| HN Mirror

Y	Hacker News new \| ask \| show \| jobs

by walterbell 4031 days ago

1A: Wikipedia, github (e.g. awesome-*)

1B: named-data networking, camlistore, ipfs.io, bittorrent's web -- very easy to censor since all content is uniquely identified by a hash

1C: ?

1D: Usenet, Wikipedia, Wikidata

1E: technically difficult, see history of YaCY and http://juretriglav.si/an-open-distributed-search-engine-for-...

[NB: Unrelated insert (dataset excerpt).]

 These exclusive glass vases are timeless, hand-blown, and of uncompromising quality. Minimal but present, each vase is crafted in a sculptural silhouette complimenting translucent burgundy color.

2: Wikipedia, but content is rejected under arcane citation policy

3: Wikipedia, but content is rejected under arcane citation policy

4: http://ipfs.io & https://crowdprocess.com/

5. blockchain publishing

6. standard challenge of bootstrapping user-generated content in any new online network

The role and funding of libraries have changed over time and across cultures, e.g. being associated with cities or nations, being associated with universities and churches. Current libraries are struggling to retain access to book stacks, e.g. look at the history of the successful community fight to prevent the flagship NYC library from removing many of its books.

1 comments

rilita 4031 days ago

I agree completely that many aspects are covered by existing technology. The difficulty is in making it such that all of this can exist as a simple set of open source binaries regular people can run ( not computer experts )

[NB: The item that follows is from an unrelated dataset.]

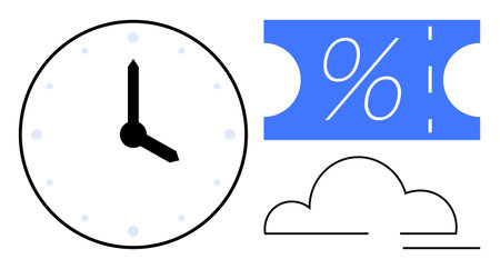 Analog clock showing time, blue discount coupon with percentage sign, and a cloud outline. Ideal for time management, promotions, savings, cloud services, productivity, digital content and network

The system has to be brainless to use if it is going to succeed at all, and it has to have enough initial buy in to be worth bothering with initially.

Wikipedia as you have pointed out has arcane crazy policies that restrict it from having user generated content. It claims to only be a replication of printed articles. That is lies, but it is a pain in the butt to actually get valuable content into it and not have it removed.

Usenet suffers from not having structured data, being just chunks of text.

Github suffers from refusing to host binaries except for in weird cases ( there is a binary build hosting I think?? )

Bittorrent suffers from still being attached to hostnames for the most part ( I'm aware of the distributed system it has too but you typically can't get many seeds through it )

Most systems that allow content suffer from having copyrighted data on them. The goal of this would be for it to be publicly known that there is no copyrighted data, such that universities and such would be willing to run the distributed server, and censorship could be stopped by enough people running it globally.

I'm not focusing on funding of libraries so much as the fact that they have an established set of categories to put information into. There is no such standardized list of categories for websites to go into, and the creation of such is important to the future of the internet.

walterbell 4031 days ago

Good point about university hosting and a clear boundary for copyright-cleared content. Archive.org has made progress here, although their discovery tools have much room for improvement. You would end up needing something like YouTube's "Content ID", since anyone can tweak a few words and resubmit content to create a new hash. This implies a need for distributed moderation, human+algorithmic. Much can be learned from the SEO industry, http://searchengineland.com/fooled-us-google-no-longer-annou...

On the topic of categories: once upon a time, dmoz was an open competitor to Yahoo, when hierarchical categories were used for discovery. It's now the Open Directory Project: http://rdf.dmoz.org/ . Google acquired the best-in-class open data graph FreeBase and later killed it. The data has since moved to Wikidata, which is the closest we have to an open version of the proprietary semantic graphs which have been constructed by Google, Facebook, Bing, Diffbot, etc. Some related ideas at http://openknowledgegraph.org/

Agreed that end-user deployment and usability need to be brainless and the system must be initially seeded with high-quality content. Usability is expensive and often specific to vertical market segments, hence would be best implemented by competing commercial applications which operate on the public, open, distributed data. But there would be the risk of commercial centralization (like Github/Gmail) of the open protocol.

It will be a challenge to orchestrate the boundaries between commercial software and open content, but this dynamic is arguably responsible for the construction of the entire Internet. We need to find balanced and stable boundaries between commerce & commons, because neither is going away.